Whilst we recognise that phone calls from guest rooms are not now part of a hotel’s revenue stream we believe the cost of offering wi-fi should be built into the bill.
It is noticeable that top end properties for the most part charge whilst those catering for a lesser markets often throw in wi-fi as part of the accommodation package.
With some hotel groups it has been the policy for some time to make wi-fi inclusive , for instance Radisson Blu.
For both the business traveller and holiday maker surfing the net is part of the travel experience. Some airports offer it for free, for example London City, and likewise a few railway stations, St Pancras (London) for instance. It is the norm now with coffee shops and fast food outlets.

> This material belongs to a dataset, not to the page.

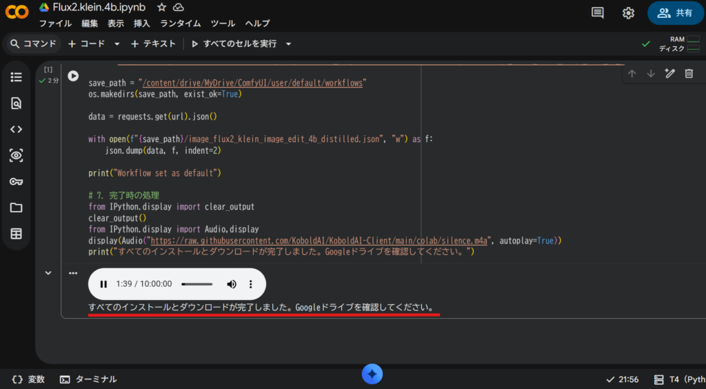 #@title Install ComfyUI and Download Model # 1. Googleドライブをマウント from google.colab import drive drive.mount('/content/drive') # 2. 必要なツールのインストール !apt -q install -y aria2 # 3. Googleドライブ内に移動してComfyUIをインストール %cd /content/drive/MyDrive/ !git clone https://github.com/comfyanonymous/ComfyUI || true %cd /content/drive/MyDrive/ComfyUI !pip -q install -r requirements.txt # 4. ComfyUI-Managerのインストール %cd /content/drive/MyDrive/ComfyUI/custom_nodes !git clone https://github.com/ltdrdata/ComfyUI-Manager.git || true %cd /content/drive/MyDrive/ComfyUI/custom_nodes/ComfyUI-Manager # 5. モデルのダウンロード # Qwenのダウンロード !aria2c -c -x16 -s16 -k1M https://huggingface.co/Comfy-Org/flux2-klein-4B/resolve/main/split_files/text_encoders/qwen_3_4b.safetensors \ -d /content/drive/MyDrive/ComfyUI/models/text_encoders -o qwen_3_4b.safetensors > /dev/null 2>&1 \ && echo "Qwen Text encoder download complete" || echo "Qwen Text encoder download failed" # CLIP-Lのダウンロード !aria2c -c -x16 -s16 -k1M https://huggingface.co/comfyanonymous/flux_text_encoders/resolve/main/clip_l.safetensors \ -d /content/drive/MyDrive/ComfyUI/models/text_encoders -o clip_l.safetensors > /dev/null 2>&1 \ && echo "CLIP-L download complete" || echo "CLIP-L download failed" # Diffusion Modelのダウンロード !aria2c -c -x16 -s16 -k1M https://huggingface.co/black-forest-labs/FLUX.2-klein-4b-fp8/resolve/main/flux-2-klein-4b-fp8.safetensors \ -d /content/drive/MyDrive/ComfyUI/models/unet -o flux-2-klein-4b-fp8.safetensors > /dev/null 2>&1 \ && echo "Diffusion model download complete" || echo "Diffusion model download failed" # VAEのダウンロード !aria2c -c -x16 -s16 -k1M https://huggingface.co/Comfy-Org/flux2-dev/resolve/main/split_files/vae/flux2-vae.safetensors \ -d /content/drive/MyDrive/ComfyUI/models/vae -o flux2-vae.safetensors > /dev/null 2>&1 \ && echo "VAE download complete" || echo "VAE download failed" # 6. ワークフローの設定 import requests, json, os url = "https://raw.githubusercontent.com/Comfy-Org/workflow_templates/refs/heads/main/templates/image_flux2_klein_image_edit_4b_distilled.json" save_path = "/content/drive/MyDrive/ComfyUI/user/default/workflows" os.makedirs(save_path, exist_ok=True) data = requests.get(url).json() with open(f"{save_path}/image_flux2_klein_image_edit_4b_distilled.json", "w") as f: json.dump(data, f, indent=2) print("Workflow set as default") # 7. 完了時の処理 from IPython.display import clear_output clear_output() from IPython.display import Audio,display display(Audio("https://raw.githubusercontent.com/KoboldAI/KoboldAI-Client/main/colab/silence.m4a", autoplay=True)) print("すべてのインストールとダウンロードが完了しました。Googleドライブを確認してください。")ログの最後に「すべてのインストールとダウンロードが完了しました。Googleドライブを確認してください。」と表示されたら完了です。

A 2,000-person poll by Thistle Hotels found the average holidaymaker spends an hour each day on holiday catching up with friends and current affairs, online. BTN believes that this is also the case with business travellers and had Thistle asked that segment of the market they would have come up with similar figures. As a result, having to pay for wi-fi now ranks alongside traditional holiday grumbles such as rude hotel staff and rooms not being ready.
Brits have become so reliant on smartphones and tablets on holiday, that having to pay for wi-fi is now one of our top ‘holiday hates’. According to the study, one in 20 of us actually admit we would rather spend time online, than with our partners when away.

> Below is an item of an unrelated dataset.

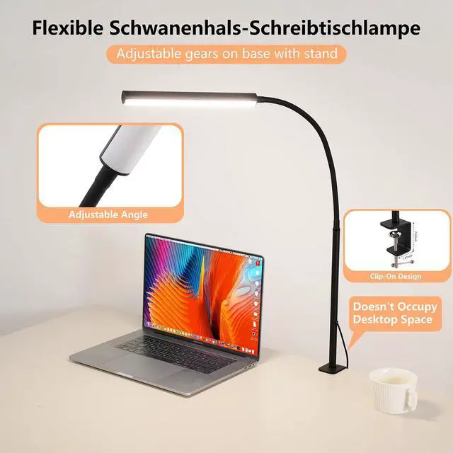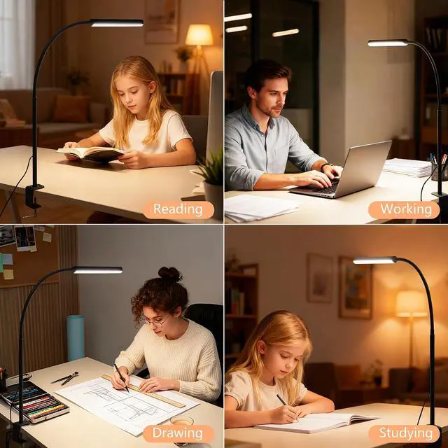 FAPEMIH LED Desk Lamp with Clamp, Eye-Caring Clip on Lights for Home Office

The research, which was undertaken to launch Thistle’s new faster free internet in all its UK hotels, uncovered the top five ‘holiday hates’ as being:
Rude hotel staff (69%)
Rooms not being ready (45%)
Paid-for wi-fi (38%)
Limited buffet / menu selection (37%)
Not being as close to holiday attractions as advertised (32%)
The survey also found that when booking a holiday, fast, free and reliable wi-fi is more important (51%), than having a swimming pool (49%), being close to local attractions (41%) and even having a TV in the room (37%).
Mike DeNoma, CEO of Thistle said: “It’s crazy to think that in 2014 hotel chains are still charging up to £20 a day for wi-fi. Our research shows that free, fast and reliable wi-fi is very important to holidaymakers, which is why we’ve partnered with BT Wi-Fi to upgrade our existing free internet access. No registrations, no limitations and no fine print, customers can now simply click and connect without fuss or fee; and most importantly they do not have to sign up to memberships or earn loyalty points.”
Business Travel News has to agree with Mr DeNoma. Even Ryanair, notorious for its add-ons, could not get in-flight pay wi-fi to work.
BTN is winning the battle. We will not mention by names but some of London’s top 5-star hotels still insist on the extra charge, unless you are a member of their ‘club’. They will go the same way, the quicker the better. It is not a matter of cost but convenience.
Ryanair backed down when paying for the loo was suggested (we are told ‘in jest’). Chargeable wi-fi should be part of history, rather like paper airline tickets.